Another magical moment comes in the final Act when (unbeknown to the audience) King Arthur defeats Oswald but immediately offers him forgiveness. A masque is called for, opening with Aeolus, the god of the winds, who calms the winds with Ye blust’ring brethen of the skies, the second part of which (Serene and calm) features two recorders in a moment of instrumental inspiration.
The instrumental innovations, most of which came from the players themselves, are described in detail in the CD book. They include omitting the continuo group from most of the instrumental pieces, giving a more focussed sound to the string group. The wind instruments employed coarser, historically appropriate reeds, giving a more martial sound, apparent in the concert when an oboe had to cover for the missing second trumpet. The trumpet/s were valveless, instruments without holes, commissioned specifically for the project and made by the Gabrieli’s principal trumpeter Jean-Francois Madeuf.
Although it was performed as a concert version, there were some moment of ‘acting’, notably near the start with the chorus in Hither this way (the two sides of the chorus conflicting as to which way was intended) and near the end with the inevitable high jinks of the drinking song of Comus and the Peasants. Some of the usually overblown pieces were performed with commendable restraint. The Cold Genius (Ashley Riches), for example, managed to avoid the usual overacting, and there were no bucolic Borsetshire accents until the drinking song. That, however, did include an interjection from Paul McCreesh and some timely waiving of EUflags – concert finished about an hour before the most recent date that the UK was supposed to have left the EU!

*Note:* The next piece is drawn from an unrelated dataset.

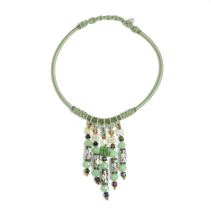 In Eastern tradition, jade symbolizes virtue and eternity, with glass representing purity and wisdom. This piece complements both daily wear and traditional celebrations, with every detail revealing unique handmade beauty. Each glass bead's hand-painted design varies, making the necklace an inheritable wearable art.

Paul McCreesh’s direction was excellent. I liked the way he stood aside in the smaller-scale moments and letting his performers just get on with it. During the concert I did wonder if a little more time could have been allowed between the various musical moments – they did rather flow into each other. The CD book includes excellent articles about the instruments used and other performance issues, together with the full plot of the play. If you have strong views on vibrato, I suggest you listen to a few tracks before buying.